**Records supplied**
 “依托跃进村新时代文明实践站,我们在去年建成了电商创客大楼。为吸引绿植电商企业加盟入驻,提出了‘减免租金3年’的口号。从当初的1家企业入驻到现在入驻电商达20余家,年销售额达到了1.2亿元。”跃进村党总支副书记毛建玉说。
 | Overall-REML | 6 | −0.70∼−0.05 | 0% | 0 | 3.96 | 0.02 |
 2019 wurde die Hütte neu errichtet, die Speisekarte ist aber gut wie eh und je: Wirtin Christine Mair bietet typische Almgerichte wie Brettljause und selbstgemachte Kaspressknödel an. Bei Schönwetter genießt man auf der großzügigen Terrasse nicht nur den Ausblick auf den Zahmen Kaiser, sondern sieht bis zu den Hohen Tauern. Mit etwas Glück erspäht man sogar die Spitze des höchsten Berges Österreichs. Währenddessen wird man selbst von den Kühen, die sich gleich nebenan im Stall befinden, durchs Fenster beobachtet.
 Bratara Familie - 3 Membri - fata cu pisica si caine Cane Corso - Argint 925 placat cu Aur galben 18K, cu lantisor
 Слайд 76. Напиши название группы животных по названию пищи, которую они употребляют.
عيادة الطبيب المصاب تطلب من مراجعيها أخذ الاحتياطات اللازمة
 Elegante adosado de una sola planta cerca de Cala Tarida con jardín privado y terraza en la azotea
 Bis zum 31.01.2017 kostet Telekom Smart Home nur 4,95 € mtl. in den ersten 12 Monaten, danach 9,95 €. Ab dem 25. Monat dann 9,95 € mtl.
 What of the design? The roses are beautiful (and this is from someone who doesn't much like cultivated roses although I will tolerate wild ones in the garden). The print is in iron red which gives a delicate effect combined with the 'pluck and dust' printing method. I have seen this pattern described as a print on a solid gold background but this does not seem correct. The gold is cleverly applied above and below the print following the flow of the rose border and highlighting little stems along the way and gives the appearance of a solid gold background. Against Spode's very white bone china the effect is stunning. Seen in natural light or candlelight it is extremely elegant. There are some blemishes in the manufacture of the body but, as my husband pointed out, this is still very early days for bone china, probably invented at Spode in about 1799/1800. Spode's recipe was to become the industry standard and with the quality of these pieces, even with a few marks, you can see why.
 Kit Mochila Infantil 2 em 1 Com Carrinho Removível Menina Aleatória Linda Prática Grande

**What is required**
Beginning at the line that holds "Слайд 76. Напиши", write out word for word each line through the end of the records.

**Written response**
 Слайд 76. Напиши название группы животных по названию пищи, которую они употребляют.
عيادة الطبيب المصاب تطلب من مراجعيها أخذ الاحتياطات اللازمة
 Elegante adosado de una sola planta cerca de Cala Tarida con jardín privado y terraza en la azotea
 Bis zum 31.01.2017 kostet Telekom Smart Home nur 4,95 € mtl. in den ersten 12 Monaten, danach 9,95 €. Ab dem 25. Monat dann 9,95 € mtl.
 What of the design? The roses are beautiful (and this is from someone who doesn't much like cultivated roses although I will tolerate wild ones in the garden). The print is in iron red which gives a delicate effect combined with the 'pluck and dust' printing method. I have seen this pattern described as a print on a solid gold background but this does not seem correct. The gold is cleverly applied above and below the print following the flow of the rose border and highlighting little stems along the way and gives the appearance of a solid gold background. Against Spode's very white bone china the effect is stunning. Seen in natural light or candlelight it is extremely elegant. There are some blemishes in the manufacture of the body but, as my husband pointed out, this is still very early days for bone china, probably invented at Spode in about 1799/1800. Spode's recipe was to become the industry standard and with the quality of these pieces, even with a few marks, you can see why.
 Kit Mochila Infantil 2 em 1 Com Carrinho Removível Menina Aleatória Linda Prática Grande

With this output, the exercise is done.